Thanks John.
Marbles (and I think tkp might gain from this as well?),
-having a flat FR with a new XO and having the ability to taylor the speaker with a variable L-pad is what I'm going for.
Ah good. I think I get what you want.
As far as more than 5 resister selections are concerned, the problem is one of increments, obviously the more, the better.
Is it as simple as more=better?
Lets say you take the two extremes of the 24 steps you first mentioned and turned that into 5 steps.
5 is MUCH coarser that 24 at face value, BUT how does each step actually measure and sound? Maybe each step equals 1.4db or something like that.
I really don’t believe people are hearing changes in 40th of a db steps or whatever each click of an L-pad equals so you’d just be getting steps that make a fairly subtle but real diff. with a few switch settings.
Or that’s my theory that should pan out in measurements/testing.
-It sounded a bit bright at first and we could turn the tweeter pot down just a tad and get it to sound better within seconds.
Good example and relates to what I mentioned about choosing the electronics that match a flat output 'to your taste'.
This cable seems to have caused the response to tip up on the top end.

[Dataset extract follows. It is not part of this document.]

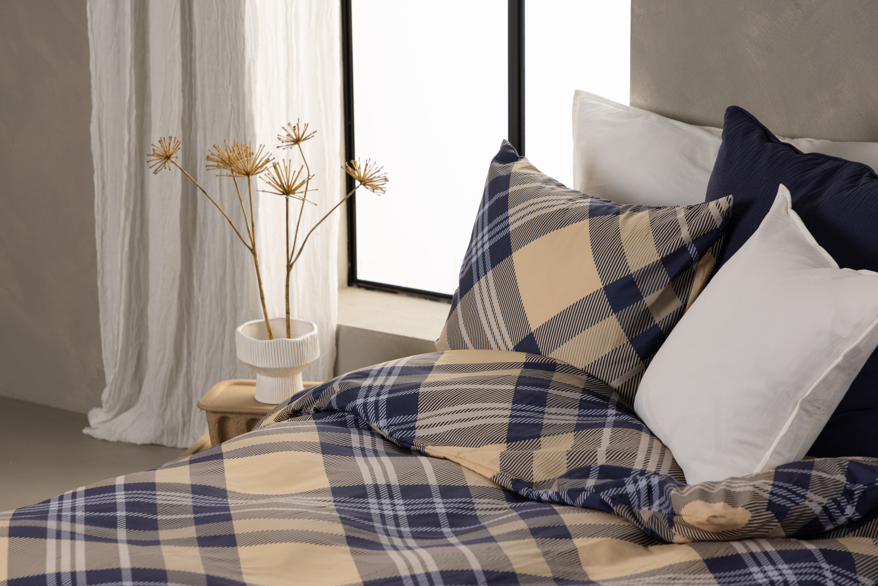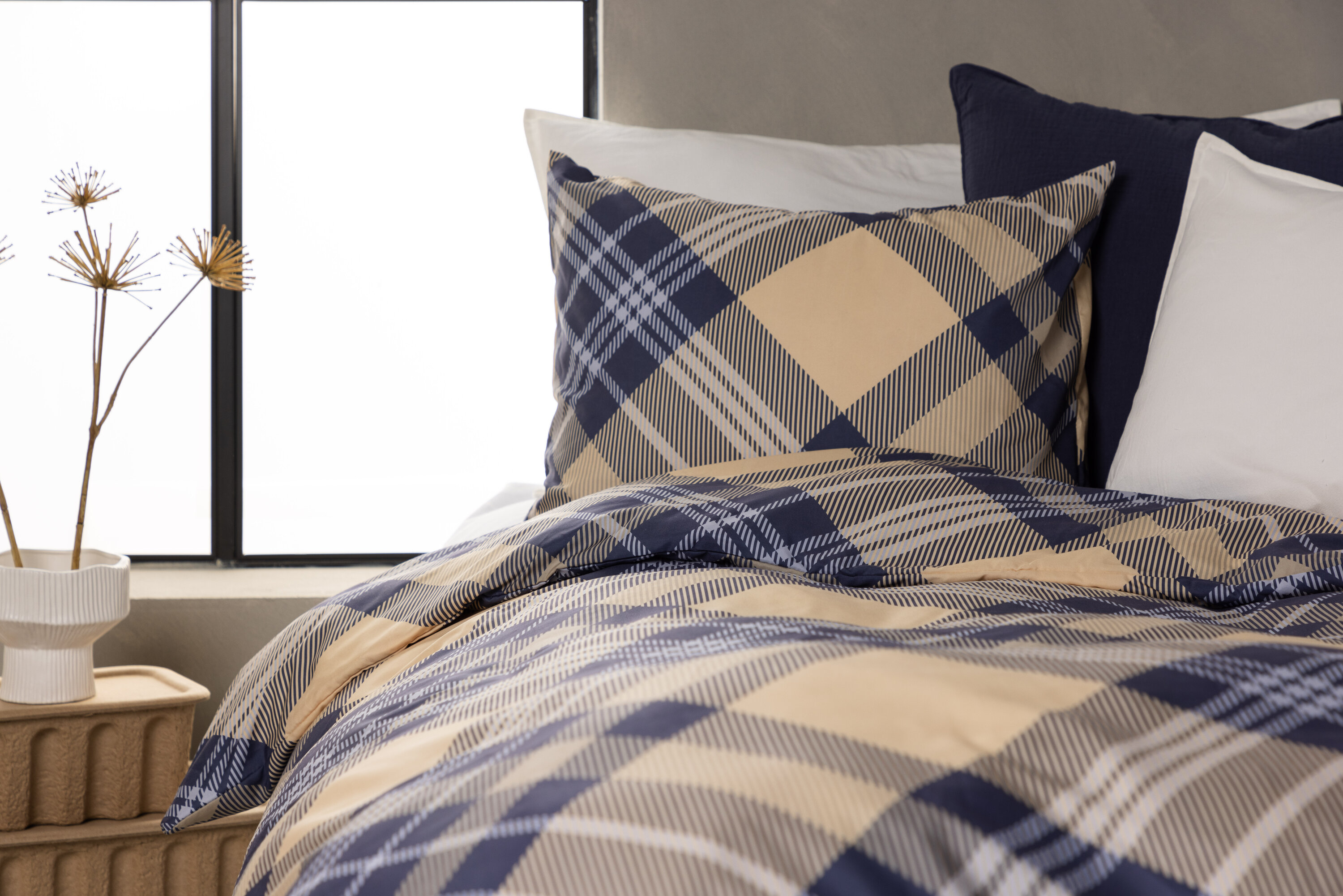 Dieses Bett-Set aus der Aurora-Serie ist genauso kuschelig wie schön zum Schlafen! Polyesterbettwäsche ist waschbar und hat ein luxuriöses Gittermuster in den Farben Blau und Beige, das eine persönliche Note auf dem Bett schafft. Gemütlich, gepflegt und schön - was will man mehr? Bald können Sie auch wie ein Profi mit einem schönen Bett-Set aus der Aurora-Serie schlafen!

1). After breaking the cable in (if it wasn’t?) maybe you’d just want to turn the pot back to how you had it if it mellowed out?
2). If the speaker weren’t adjustable AND the cable was broken in I think you’d know that you simply don’t happen to like this cable in your system because it tipped up the top end in a way you didn’t like.

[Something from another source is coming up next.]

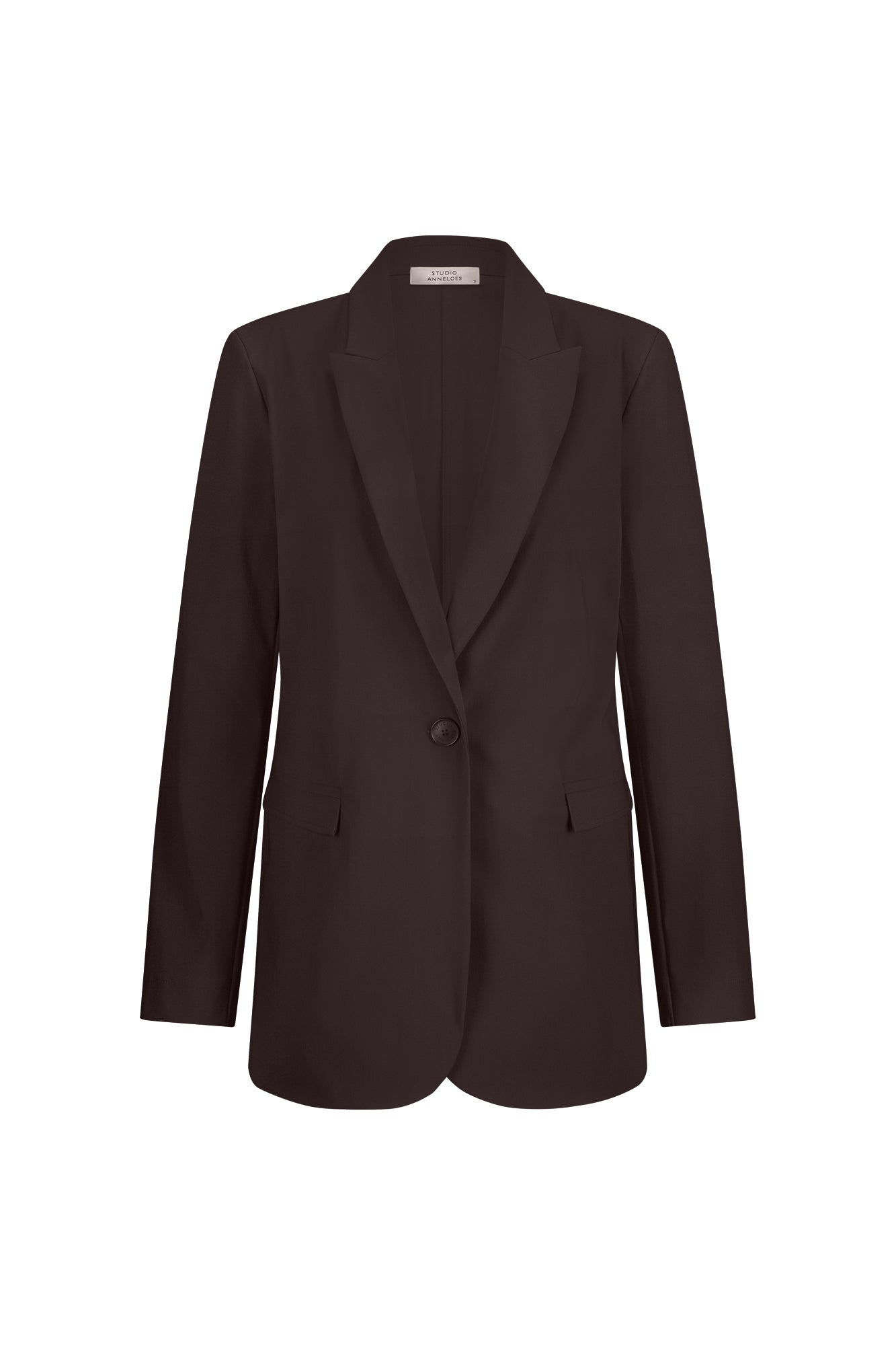 De Fran blazer van Studio Anneloes is gemaakt van travel kwaliteit en kreukt niet. Het is een boyfriend blazer met klepzakken die naar binnen gevouwen kunnen worden. Deze blazer heeft subtiele schoudervullingen en ietwat wijde mouwen met knopen. Het is een wat langer model en is een beetje getailleerd. We adviseren om jouw normale maat te bestellen.

3). Turning up the super tweeter (I only ‘assume’ that’s what you mean you did?) a bit, while it seemed to counter the cable’s brightness couldn’t technically have countered what the cable did.

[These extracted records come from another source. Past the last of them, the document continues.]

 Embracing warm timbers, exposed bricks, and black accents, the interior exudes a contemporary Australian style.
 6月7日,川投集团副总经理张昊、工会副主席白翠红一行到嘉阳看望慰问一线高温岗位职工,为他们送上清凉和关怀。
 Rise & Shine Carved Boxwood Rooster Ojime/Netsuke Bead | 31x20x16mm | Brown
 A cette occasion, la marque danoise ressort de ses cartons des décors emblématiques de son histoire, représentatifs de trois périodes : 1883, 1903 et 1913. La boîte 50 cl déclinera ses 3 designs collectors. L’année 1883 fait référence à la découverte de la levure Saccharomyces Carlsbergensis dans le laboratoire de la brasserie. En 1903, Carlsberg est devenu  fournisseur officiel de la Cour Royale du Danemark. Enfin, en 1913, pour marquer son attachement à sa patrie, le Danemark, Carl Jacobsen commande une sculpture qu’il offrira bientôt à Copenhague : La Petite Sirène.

At best it kinda/sorta did because both tweaks were in about the same general freq. area.
This isn’t me saying ‘so you shouldn’t have done that’, but merely trying to show how it’s not quite the fix that some I think have the impression it is.
With only two resister choices up, and two down, it really takes luck to get it right quickly and without an operation on the L-pad to change resisters, defeating the whole purpose of it.
That sounds like you’ve made up you mind already?
Again... what if you could be shown that it could be enough steps to distort the output from flat to suit your needs and measures very subtle meaning any setting would still look plenty flat and flatter than stock?
IMHO the L-Pad, while colors the sound a bit for the mid pannel and high, offers people like myself a way to taylor the sound to my taste and to counter-act the room they are in. Obviously, acoustic treatment is the way to go but my family hapiness comes before audio.
I can totally understand people not in many cases being able to treat a room like they'd really like to.
This alone kinda defeats buying really top notch high end audio gear though.
And as I wrote... you just can't counter a room's problems by adjusting the broad range of the mid panel.
If you can explain in your own example/room/system the room problem/freq. peak/dips you have and how specifically the mid and super tweeter pots counter these problems I'd like to hear it.
I've never heard anyone who's been able to explain how they do this though have seen many claim just what you've wrote. No offence. I'd just like you to explain if you can.